**MATERIAL FOR THE TASK**
###

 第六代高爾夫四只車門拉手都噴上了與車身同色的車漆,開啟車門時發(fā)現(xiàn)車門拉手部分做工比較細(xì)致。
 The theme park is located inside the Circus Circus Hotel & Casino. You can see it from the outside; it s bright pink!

###

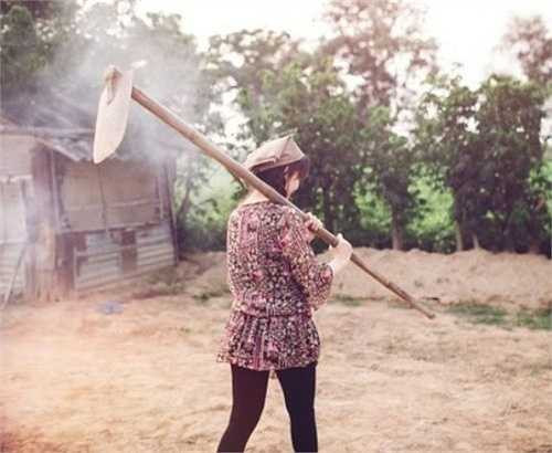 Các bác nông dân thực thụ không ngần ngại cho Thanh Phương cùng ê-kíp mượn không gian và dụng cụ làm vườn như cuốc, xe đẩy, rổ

###

**DIRECTIONS FOR THIS TASK**
Take the line above containing "第六代高爾夫四只車門拉手都噴", the line containing "The theme park", and all lines in between, and copy them exactly without anything else.

**RESULT**
 第六代高爾夫四只車門拉手都噴上了與車身同色的車漆,開啟車門時發(fā)現(xiàn)車門拉手部分做工比較細(xì)致。
 The theme park is located inside the Circus Circus Hotel & Casino. You can see it from the outside; it s bright pink!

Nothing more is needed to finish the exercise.